No defects or rework

No time lag in process

They might use concepts like

Star Products – These products have their own tailored stock levels, their own processes, bespoke machines, and flows. They get first call in any hierarchy.

Continuous Process – As above, maybe fully automated, even with no need for lighting.

Smart manufacturing – Where tags, software and machinery are digitally connected. Information on stock and process are tracked real time and artificial intelligence controls and manages the process.

By their nature these concepts are product led. For example, a flour mill producing a simple white flour, a tile factory producing a standard tile.

These plants generally produce a limited range of products and sell to a mass market.

Car manufacture shows how processes and concepts have developed. Ford developed production lines based on the principles of meat packing in Chicago, where the work came to the worker. Why were all cars black? Because the black paint dried faster. Eventually his lines produced an identical car every 24 seconds.

A modern car assembly line will build a specific car to order for a customer, combining some 30,000 pre-manufactured components in around 18 hours – from welding to full engine assembly and painting.

So where does this leave a manufacturer who is following the stages of business growth from start-up to scale-up, growth and domination. Today’s market is fickle, and the internet can influence customers and quickly change demand. Planning is challenging. Flexibility is a huge asset.

There is where we at Westaway Sausages come in. We are based in a remote area of the UK, where we can innovate and challenge convention without too much interference from competition, we can pick our partners and develop loyalty with our customers.

We can blend the attributes and concepts that I have described to not only manufacture more with less, but to also pioneer some extra values to offer to customers, such as not using plastic packaging.

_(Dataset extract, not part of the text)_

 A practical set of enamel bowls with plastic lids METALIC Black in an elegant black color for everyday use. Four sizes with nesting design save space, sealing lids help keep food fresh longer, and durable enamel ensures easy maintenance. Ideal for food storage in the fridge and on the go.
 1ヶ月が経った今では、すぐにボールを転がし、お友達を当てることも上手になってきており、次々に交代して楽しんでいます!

We can review and change how we operate and to minimise our impact on the environment whilst still meet the constraints of fresh, safe, legal, tasty, and good value food.

In summary, I think the future of manufacture is not about large-scale bespoke investments, but about clever product design that uses common components that can provide a wide range of variants to market. This manufacturing process will be planned to use a mix of the principles that I have outlined.

Let’s make sausage.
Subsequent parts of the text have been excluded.